Data to use START
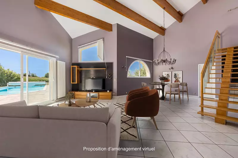 Située chemin de l'Étang, dans un cadre verdoyant et agréable, sans vis-à-vis et avec une vue dégagée, cette maison d'architecte édifiée en 2000 offre de beaux volumes et des prestations de qualité.
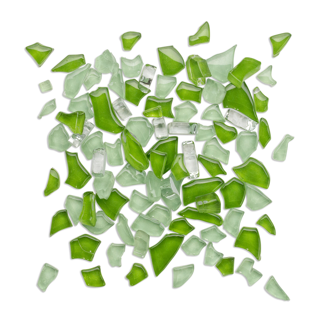 Irregular shaped apple & light green colour backed mosaic glass pieces. Smooth edged with the appearance of smashed glass.
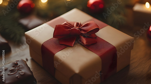 Wrapped Gift Box and Festive Ambiance: A beautifully wrapped present, adorned with a rich red ribbon, takes center stage amidst a warm, inviting holiday setting.
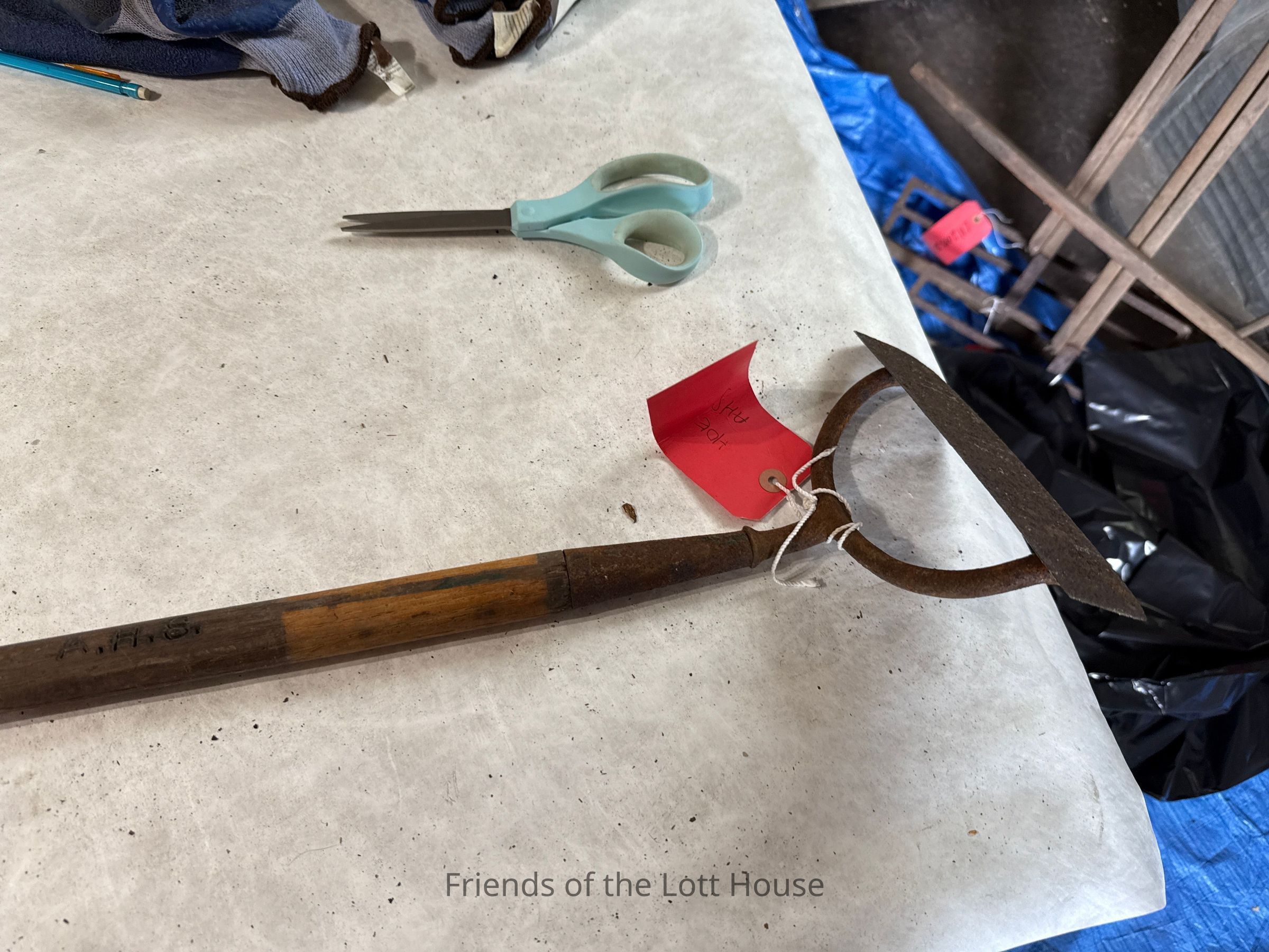 Turned wood pole fitted at one end with a rectangular metal plate set on an angle; the initials "A.H.S." carved into handleCollection
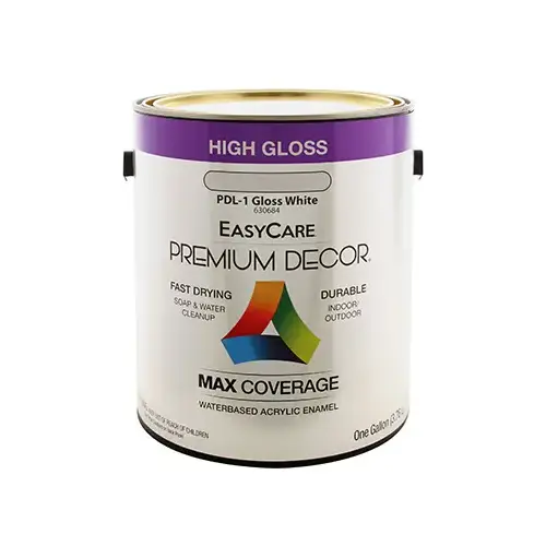 PDL1-GL, EasyCare Premium Decor, Gallon, White, Gloss Finish, Waterborne Enamel, Durable, Quick Drying, Mar Resistant, 100% Acrylic, Low Odor, Fade & Chalk Resistant Formula, Easy Soap & Water Clean Up, VOC Less Than 50 Grams Per Litre, Item May Be VOC Restricted In Certain Areas, Please Refer To The Restricted Items Report On MOL For A List Of Items That Are Restricted In Your Area.
Data to use END
* Exercise goal: Print out all the material word for word but exclude any images.

* Exercise output:
 Située chemin de l'Étang, dans un cadre verdoyant et agréable, sans vis-à-vis et avec une vue dégagée, cette maison d'architecte édifiée en 2000 offre de beaux volumes et des prestations de qualité.
 Irregular shaped apple & light green colour backed mosaic glass pieces. Smooth edged with the appearance of smashed glass.
 Wrapped Gift Box and Festive Ambiance: A beautifully wrapped present, adorned with a rich red ribbon, takes center stage amidst a warm, inviting holiday setting.
 Turned wood pole fitted at one end with a rectangular metal plate set on an angle; the initials "A.H.S." carved into handleCollection
 PDL1-GL, EasyCare Premium Decor, Gallon, White, Gloss Finish, Waterborne Enamel, Durable, Quick Drying, Mar Resistant, 100% Acrylic, Low Odor, Fade & Chalk Resistant Formula, Easy Soap & Water Clean Up, VOC Less Than 50 Grams Per Litre, Item May Be VOC Restricted In Certain Areas, Please Refer To The Restricted Items Report On MOL For A List Of Items That Are Restricted In Your Area.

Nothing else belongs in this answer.